The EB survey contained 7 items related to behaviors that were expected to impact patient experience. The QIB survey contained 4 items related to behaviors that were expected to improve quality (Table 1). The initial survey also included questions about demographic characteristics of the participants.

Survey questionnaires were sent via email every 2 weeks for a period of 12 months. The survey questionnaire became available every other week, between Friday morning and Tuesday midnight, during the study period. Hospitalists received daily email reminders on each of these days with a link to the survey website if they did not complete the survey. They had the opportunity to report that they were not on service in the prior week and opt out of the survey for the specific 2-week period. The survey questions were available online as well as on a mobile device format.

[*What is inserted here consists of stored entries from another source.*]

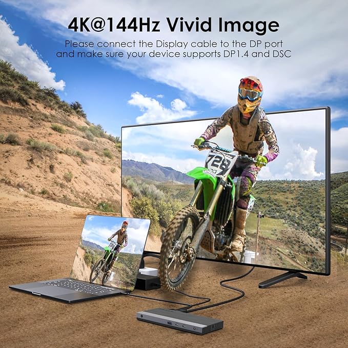 - Triple Display or Dual Monitor: Equipped with dual DP and one HDMI port,Single DP can up to 4K@144Hz under DP1.4 source. Resolution will be 4K@60Hz if two monitors play simultaneously.Connect up to three monitors simultaneously.it perfect for expanding multiple displays for meetings, presentations, stock chart analysis, programming, and more.(Pls Not: Please make sure that the USB-C port on the host laptop supports video output)
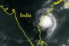 ![]() Satellite image of the storm prior to landfall in India on 6 November | |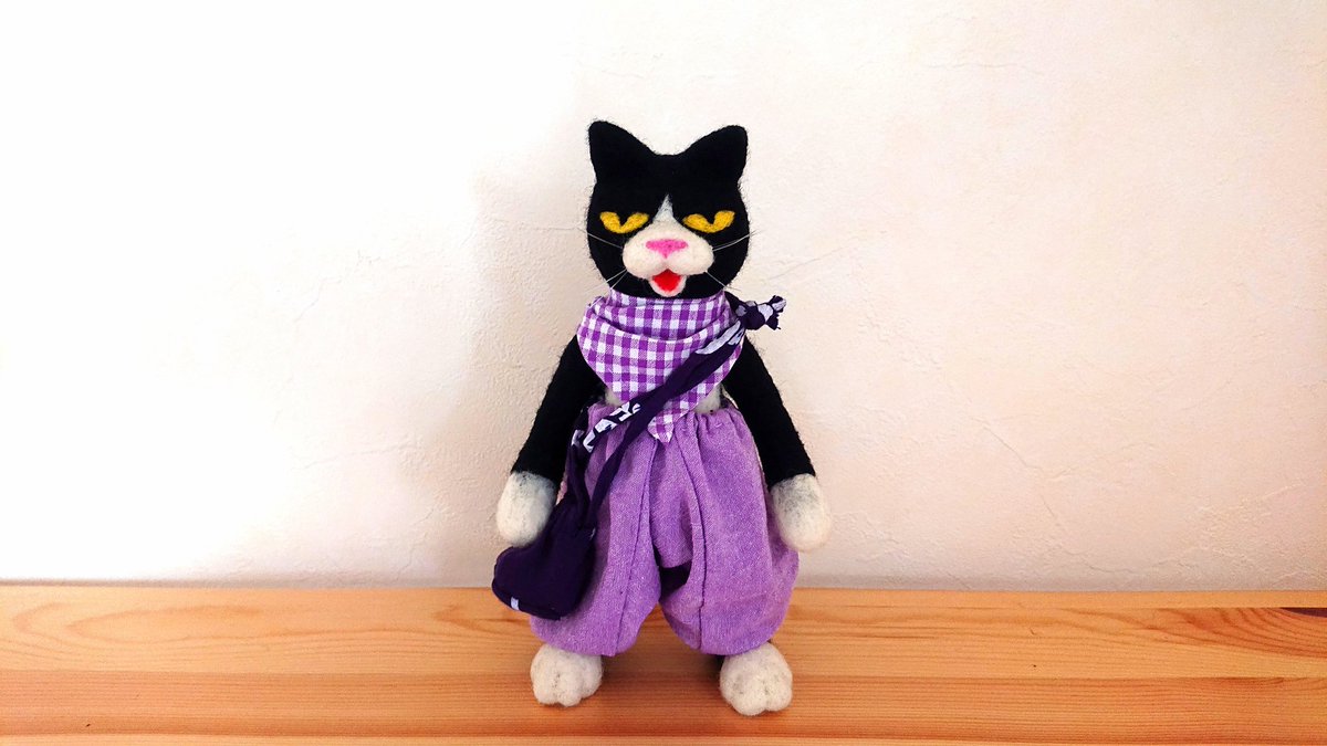 【豆之助・空手】完成~✨ 躍動感ヤバーい!😆 (自画自賛中 笑) #羊毛フェルト #needlefelting #doll #人形 #猫 #空手 #カンチャンズハウス #kanchanshouse

Provider Level Patient Experience Scores

Provider-level patient experience scores were calculated from the physician domain Press Ganey survey items, which included the time that the physician spent with patients, the physician addressed questions/worries, the physician kept patients informed, the friendliness/courtesy of physician, and the skill of physician. Press Ganey responses were scored from 1 to 5 based on the Likert scale responses on the survey such that a response “very good” was scored 5 and a response “very poor” was scored 1. Additionally, physician domain HCAHPS item (doctors treat with courtesy/respect, doctors listen carefully, doctors explain in way patients understand) responses were utilized to calculate another set of HCAHPS provider level experience scores. The responses were scored as 1 for “always” response and “0” for any other response, consistent with CMS dichotomization of these results for public reporting. Weighted scores were calculated for individual hospitalists based on the proportion of days each hospitalist billed for the hospitalization so that experience scores of patients who were cared for by multiple providers were assigned to each provider in proportion to the percent of care delivered.23 Separate composite physician scores were generated from the 5 Press Ganey and for the 3 HCAHPS physician items. Each item was weighted equally, with the maximum possible for Press Ganey composite score of 25 (sum of the maximum possible score of 5 on each of the 5 Press Ganey items) and the HCAHPS possible total was 3 (sum of the maximum possible score of 1 on each of the 3 HCAHPS items).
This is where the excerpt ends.